Konubinix' site

Base64 and Base58 Are Not as Similar as It May Seem

base64 and base58 are generally presented as being similar stuffs.

Base58 is just another encoding format (with 58 characters instead of 64

https://qvault.io/cryptography/base64-vs-base58-encoding/#:~:text=Base64%20is%20one%20of%20the,to%20Bitcoin%20and%20other%20cryptocurrencies.

It is similar to Base64 but has been modified to

https://en.bitcoinwiki.org/wiki/Base58

Essentially Base58 is similar to the ubiquitous Base64 minus several characters that could confuse readers later when read back into a wallet.

https://crypto.bi/base58/

Base58 is a binary-to-text encoding scheme.
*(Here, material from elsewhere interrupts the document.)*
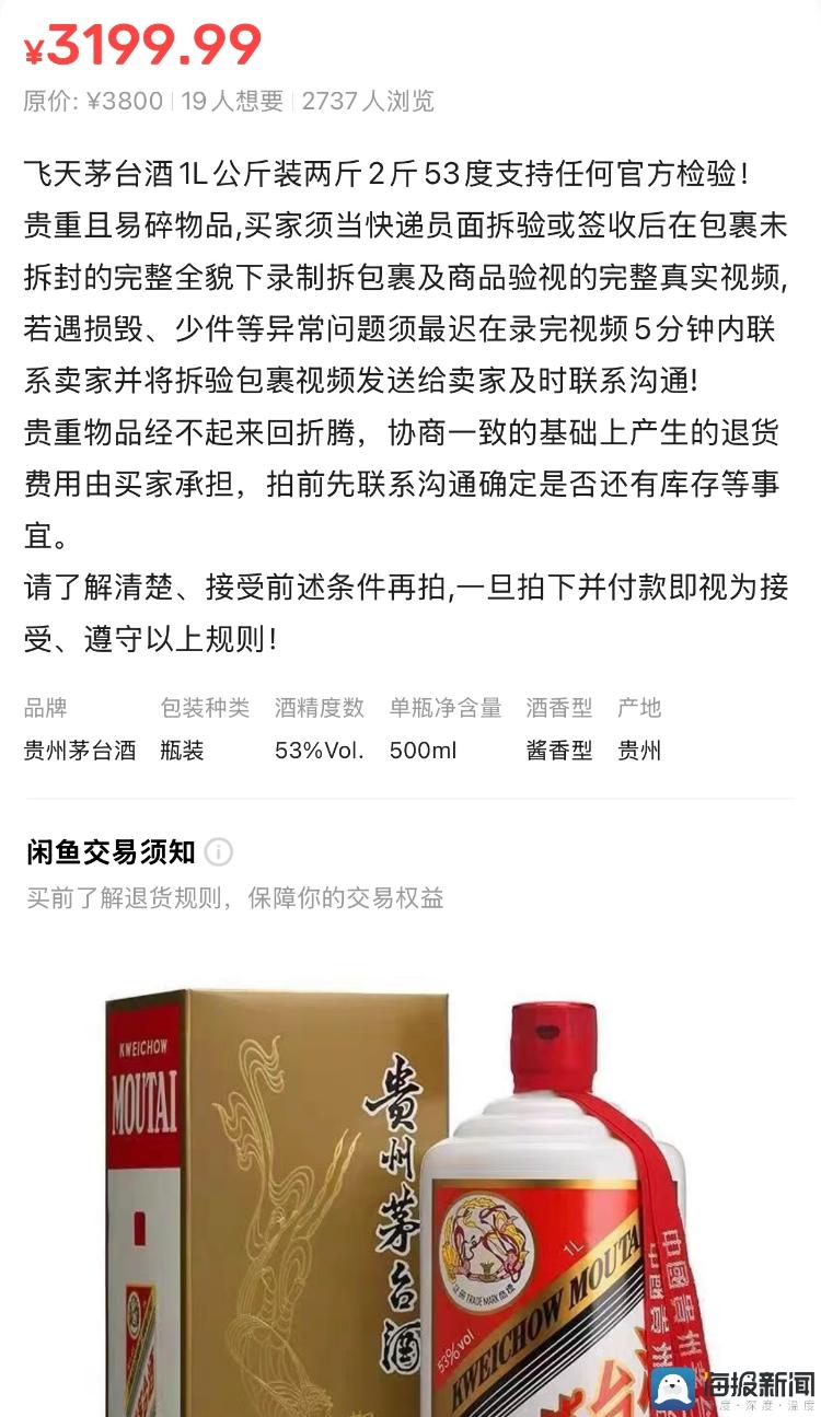 在二手平台,也有不少消费者出售1L飞天茅台,咸鱼平台显示多个链接价格出现下跌,二手市场的出手售价在3199元/瓶至3499元/瓶左右,多位消费者表示可以接受“小刀”。

It is similar to Base64 but has been modified to avoid both non-alphanumeric characters and letters which might look ambiguous when printed.

https://monerodocs.org/cryptography/base58/

There’s also Base58, which is often used for bitcoin addresses, which omits a few characters that people might type wrong. For example, the ‘0’ and ‘O’. Or ‘I’ and ‘l’.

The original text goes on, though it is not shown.